La moderna “scampagnata” che potrebbe essere sinonimo di stazzo, non ha la pregnanza della nostra parola in quanto in essa ci sono da osservare particolari riti di probabile derivazione ebraica. La pasqua ebraica era una delle feste di pellegrinaggio perché tutti gli adulti erano obbligati a compiere il pellegrinaggio al tempio di Gerusalemme.

Esso avveniva in gruppi, non meno di dieci e non più di venti, composti anche da non parenti e riunitisi occasionalmente.

La pasqua ebraica si può definire di passione, in quanto essa rievocava l’uscita degli Ebrei dall’Egitto: si mangiava l’agnello condito con erbe amare in ricordo delle sofferenze; il pane era azzimo cioè non lievitato poiché non c’era da perdere.

Il nostro “stazzo” si svolgeva secondi riti che si richiamano a quelli ebraici, forse perché da noi la presenza del quartiere della Giudea testimonia la presenza degli ebrei a Fondi fin dai primi secoli dopo Cristo, e quindi la loro integrazione nel nostro tessuto sociale fu incisiva e duratura. Solo così possiamo spiegarci la vivace attesa, soprattutto da parte dei ragazzi, del giorno dello “Stazzo”.

Quest’attesa era più intensa di quella del Natale perché essa era di preparazione ad attività libere ed eccitanti che la primavera prometteva: nuovi incontri, nuove imprese. “Natale con i tuoi e pasqua con chi vuoi”.

Per tempo si sceglieva il luogo in cui “accamparsi”; esso veniva concordato coi partenti e gli amici.

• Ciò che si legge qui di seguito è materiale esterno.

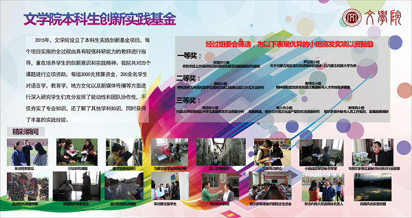 依据教育部《关于“十二五”期间实施“高等学校本科教学质量与教学改革工程”的意见》、国务院办公厅《关于深化高等学校创新创业教育改革的实施意见》等文件精神及我校有关本科生实践创新的相关规定,2015年,pg娱乐电子游戏官网入口研究制定了《pg娱乐电子游戏官网入口本科生实践创新基金项目管理办法》,在本科生中推动实施“本科生实践创新基金项目”。该计划旨在提升本科生对各种知识信息和社会思潮的反应能力和认识能力,畅通学生接受信息的渠道,培养学生独立的分析判断能力,全面提升pg娱乐电子游戏官网入口本科生的实践创新能力。在组织管理上,pg娱乐电子游戏官网入口鼓励本科生组成7人左右的学术团队,通过访谈、采访、普查、田野调查、跟踪报道、学术研究等方法,开展语言文字应用、地方文学文化遗产留存情况、地方文学艺术发展现状、乡土作家创作情况、地方对外文化交流情况、来华留学生汉语学习情况、地方中小学生学习现状、蒙古族学生汉语学习情况、蒙古族传统文化发展现状、地方媒体发展现状、地方政府/企业使用新媒体现状、地方政府秘书实务现状、中小企业秘书实务现状等方面的调查研究,最终形成研究报告或调查报告。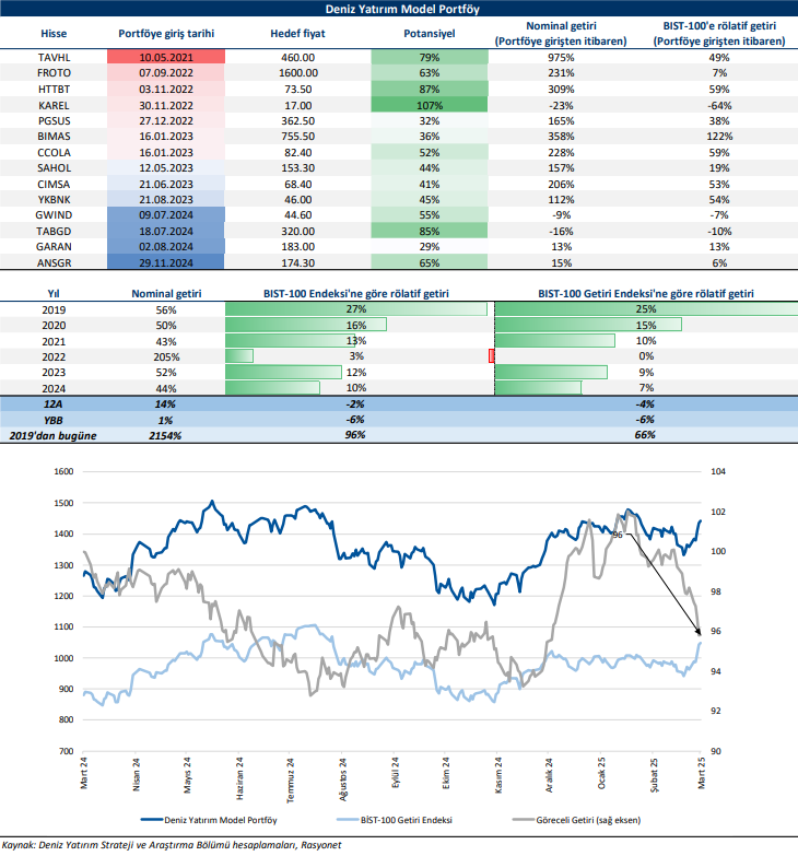 Deniz Yatırım Model Portföy, Deniz Yatırım Strateji ve Araştırma Bölümü tarafından, temel analiz kriterlerine göre hazırlanmış, orta-uzun vadeli hisse senedi tavsiye listesidir. Alınan pozisyonlar sadece uzun yönlüdür (long only). Herhangi bir rakamsal/yüzdesel getiri hedefi söz konusu değildir. Herhangi bir şirket sayısı sınırı söz konusu değildir. Herhangi bir sıklıkta/takvim dahilinde değişiklik yapma zorunluluğu söz konusu değildir. Strateji ve Araştırma Bölümü analistleri portföyü takvim yılı içerisinde piyasa koşulları izin vermez ise değiştirmeme hakkına sahiptirler. Portföy içerisinde yer alan şirketler için temel analiz açısından getiri potansiyeli kalmamış dahi olsa da (değerleme olarak) şirket markasına olan geçmiş ve gelecek dönem güveni ile liste içerisinde kalmaya devam edebilirler. Portföyde yer alan şirketler için AL tavsiyesi bulunması zorunluluğu söz konusu değildir. Bölüm analistleri, TUT ve/veya Gözden Geçiriliyor önerileri ile de liste içerisinde şirket tercihinde bulunabilirler.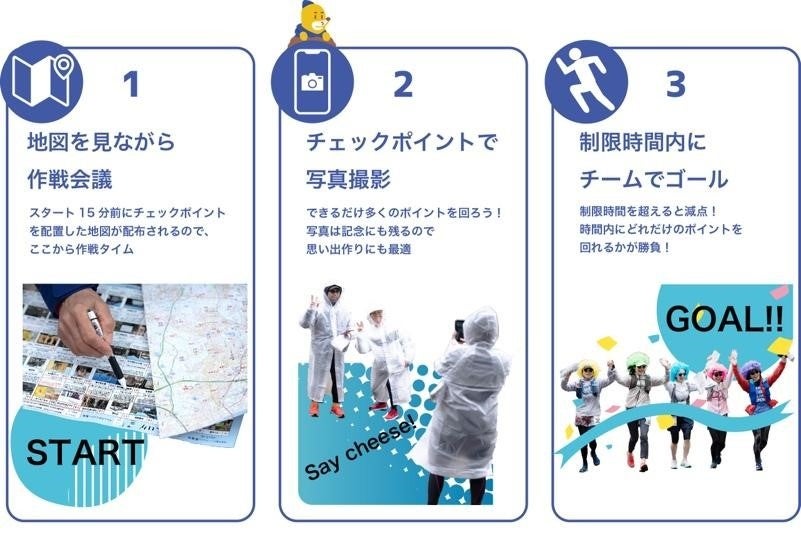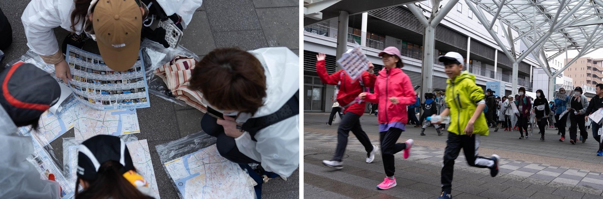 (1)スタートの約15分前にCPが記載された地図を配布します。その地図を見ながら「どこを巡り」「どのルートを通るのか」をチーム内で相談し戦略を立てます。マラソンのようにルートは決まっていません。そのため、自身の体力に合わせてコース設定ができるため、老若男女問わず参加できます。

Si preparavano cibi vari ed abbondanti: dal capretto al forno (evento raro specie per i pellegrini più modesti), ai dolci confezionati, secondo l’età dei destinatari: il “tortano” per gli adulti; “iu panarej” per i ragazzi; la “pupa” con un uovo sodo al centro per le ragazze; “iu carusej” per i bambini e infine la “chiavetta” per i giovani fidanzati.

Il pranzo era costituito di carni, salsicce, frittate, il tutto innaffiato da un buon vino di “cioppa” (genuino e di colore rosso, alquanto robusto). Non mancava la pizza “iajma” cioè azzima. Fino a qualche generazione fa alla Giudea c’era un forno che ancora cuoceva pane azzimo.

Lo stazzo era dunque una festa di primavera: quando la Pasqua veniva alta, cioè oltre la metà di aprile, i giovanotti “stazziavano” sulla spiaggia, i più coraggiosi si tuffavano in mare inaugurando così la stagione balneare.

Lungo il pellegrinaggio i gruppi si incontravano e facevano qualche tratto insieme, salutandosi con spontanea gioia, facendo amicizia e anche qualche “conoscenza” tra i giovani. Si rientrava prima del tramonto sazi, stanchi e felici.

Ora tutto questo non c’è più; dello “stazzo” di una volta oggi rimane solo il senso dispregiativo del termine passato dai residui alimentari che i cani randagi ripulivano durante la notte, alla spazzatura dei picnic propria del consumismo.